Perversely, the new inhalers they came up with were powered by hydrofluorocarbons (HFCs). HFCs don’t break down the ozone layer, but they do contribute to climate change. Seeing this, several scientists and one generic drug company proposed that the old CFC-based inhalers be exempted from the international ban. Given the tiny quantity of CFCs that inhalers released into the air, an exemption would have made perfect sense. But it would also have spoiled the drug companies’ plan to evergreen their patents, so the drug companies lobbied against it.92 Got that? Drug companies spent money to ensure that the government would force them to redesign their products. It worked, too. In 2005, the FDA approved an outright ban on CFC-based inhalers.
The result? Generic drug companies were kept out of the market for inhaler-delivered medications, and the prices for those medications went through the roof. “Albuterol, one of the oldest asthma medicines, typically costs $50 to $100 per inhaler in the United States, but it was less than $15 a decade ago, before it was re-patented.”93 Nationwide, the FDA estimated that the switch to new inhalers increased health care spending by $8 billion over a ten-year period, while conferring a trivial benefit on the environment. And whatever minimal good may have been done for the ozone layer was offset by the aggravation of climate change stemming from the use of HFCs. Everyone lost. Except Big Pharma.
Six states allow people with terminal illnesses to end their lives on their own terms, using drugs prescribed by physicians.94 Secobarbital, a generic drug that has been on the market for decades, is commonly used for this purpose. It should therefore be cheap, and it once was. “In 2009, a lethal dose of secobarbital (100 capsules) cost less than $200 (less than $2 per capsule).”95 Today, however, the same amount of the drug costs $3,000. Why? At first, the price crept up slowly, rising to $1,500. Then Valeant Pharmaceuticals acquired the rights to make secobarbital and doubled the price. The timing coincided with the introduction of California’s End of Life Option Act. From Valeant’s perspective, people in straits so desperate that they want to end their lives are just one more group of buyers waiting to be gouged.
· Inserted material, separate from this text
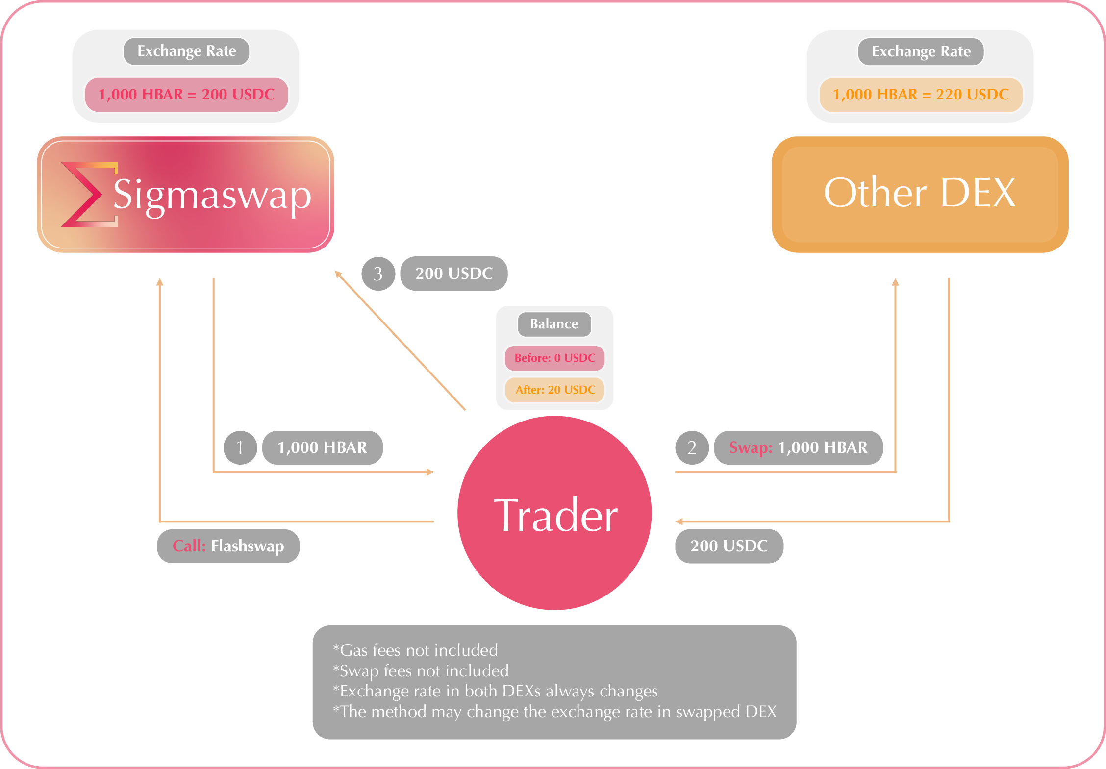 It is quite simple to use Sigmaswap as a liquidity source for the USDC-to-HBAR component of this process. Even though gas fees on Hedera cost less than a penny, looping through protocols in this way is particularly unwise, and can lead to an issue in a volatile market condition.

Rising prices for drugs (both branded and generic) are impoverishing Americans. Although there are many reasons why “drug prices keep defying the law of gravity,” monopolies obtained by patents and other means are a primary cost driver.96 We let drug companies acquire monopolies in a system that is designed to pay whatever they ask, then we are surprised that they act like monopolists and take us for every thing they can. We suggest some fixes for these problems in later chapters. For now, the main lesson is that health care providers do and always will seek to maximize their profits, just like businesses of other kinds. Any suggestion to the contrary is patent nonsense.